§ Task goal:
All of the lines below need to be copied exactly, apart from the pictures.

─── Information provided

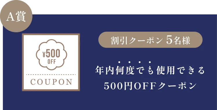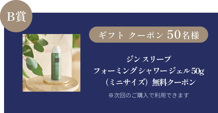 - B賞のクーポン券は次回公式オンラインストアでの購入時にご利用いただけます。
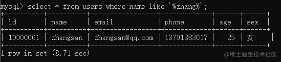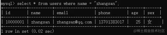select * from users where name = "zhangsan";
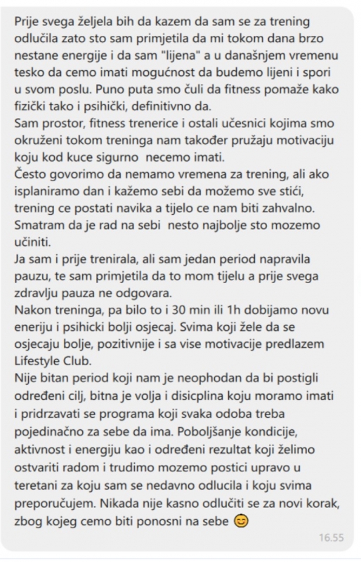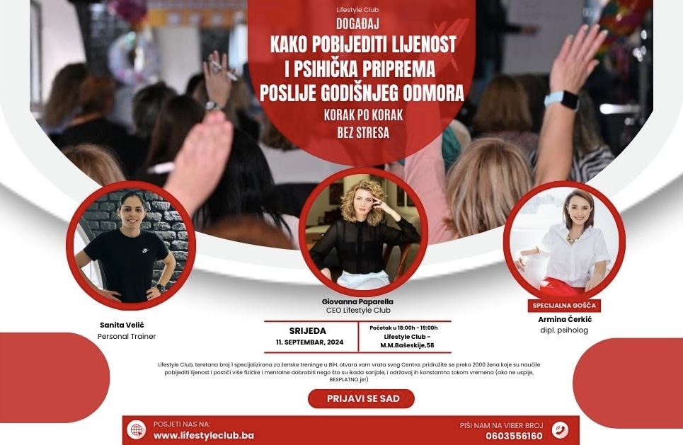Lifestyle Club, teretana broj 1 specijalizirana za ženske treninge u BiH, otvara vam vrata svog Centra: pridružite se preko 2000 žena koje su naučile pobijediti lijenost i postići više fizičke i mentalne dobrobiti nego što su ikada sanjale, i održavaj ih konstantno tokom vremena (ako ne uspije, BESPLATNO je!). |

──────

§ Output below:
 - B賞のクーポン券は次回公式オンラインストアでの購入時にご利用いただけます。
select * from users where name = "zhangsan";
Lifestyle Club, teretana broj 1 specijalizirana za ženske treninge u BiH, otvara vam vrata svog Centra: pridružite se preko 2000 žena koje su naučile pobijediti lijenost i postići više fizičke i mentalne dobrobiti nego što su ikada sanjale, i održavaj ih konstantno tokom vremena (ako ne uspije, BESPLATNO je!). |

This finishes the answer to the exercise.